How could I know that I had chosen those countries for many more reasons than the ones I had listed? Were those reasons clear enough? Were they good enough? How do they know that I walked into protests not because I sought to be hurt but because they were unavoidable, because they were part of history? How did they know that, even then, I stayed only where small children were present and went with an Egyptian friend? How did they know I did not participate because I understood it was not my place?

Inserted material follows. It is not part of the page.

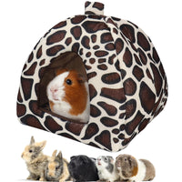 Guinea Pig Bed Rabbit Hideout Warm Fleece Cuddle Cup Washable Winter Sleeping House For Small Pet/Ferret/Chinchilla/Bunny (Leopa
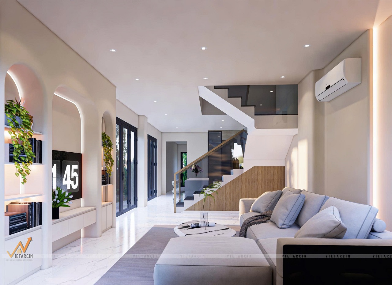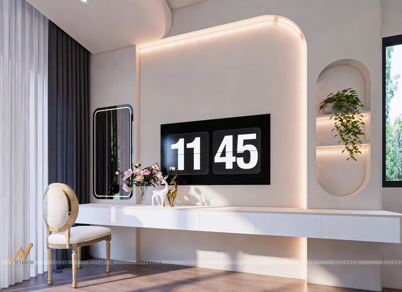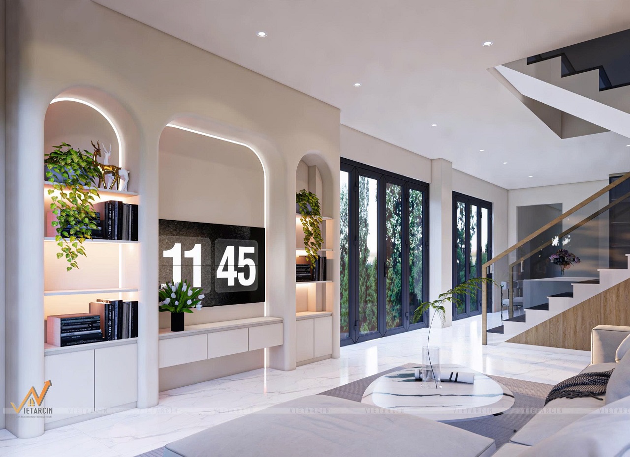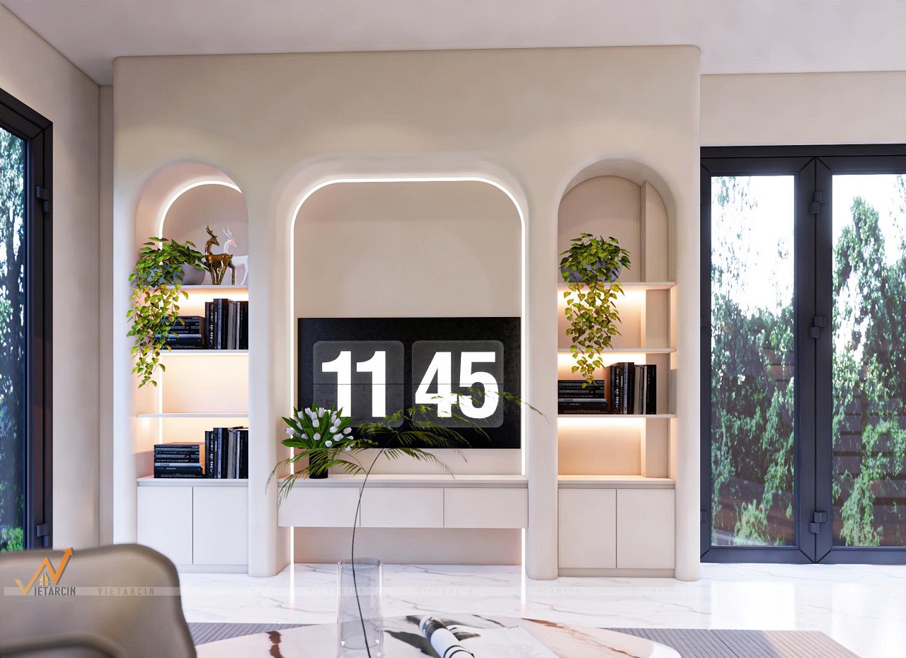 - Khu vực vách tivi: Vách tivi được thiết kế vô cùng độc đáo và sáng tạo. Thay vì một mảng tường phẳng, chúng tôi đã sử dụng hệ thống tủ kệ âm tường với các đường cong mềm mại (vòm cong), kết hợp với đèn LED hắt sáng, tạo nên một hiệu ứng thị giác ấn tượng và cuốn hút. Bên cạnh đó, các kệ trang trí được bố trí hợp lý, vừa là nơi trưng bày sách và vật phẩm, vừa giúp không gian trở nên sống động và có chiều sâu hơn.

A week beforehand I had created an essay full of other’s voices. It was that night, after I stripped down everything else and wrote again I found my own. I’m proud to say that I genuinely believe my proposal was mostly good. I’m hesitant to say it was my best, because even then I recognize the hazy fog of nerves affected my writing.

For a moment, after turning it in I felt elated and light. For a moment I believed I stood a chance. That feeling lasted one precious hour before I broke my rule. I looked back at my application, immediately recognizing numerous mistakes.

The capital letters made me look arrogant. This essay made me look irresponsible. That one didn’t clearly explain why I chose those particular countries. Worst of all, my costs were somehow left out of my itinerary (despite my checking it three times before submission).  I e-mailed the committee one week late with my costs,  the deep seated dread resurfacing.
How could I be so forgetful? I know how important this was. I should have checked it again. I should have steadied myself.  A litany of admonishments went through my head.

How could they choose me? It was 20,000 dollars, you don’t mess up for something like that. I wallowed in my grief for some hours. I called my mom. I wallowed some more, then I decided to re-evaluate.
I would have done much better had I only trusted myself. I had spent the entire month doing research. I knew every little detail. If you told me I was setting off next week, I would be prepared.

So what, they probably won’t choose me for the many reasons I’ve thought of in my head– at least I learned something. I learned a whole lot about the countries I had chosen to go to. Things I wouldn’t have learned without the application. I learned to trust myself– a lesson I will likely re-learn because, let’s face it, self-confidence needs a lot of reinforcement. Finally, after those hours of pity, those hours of reading a “book for fun”, I remembered where I had left my drive.

So, life, while I may not be awarded this fellowship I know there will be other opportunities, other challenges and I am ready for them.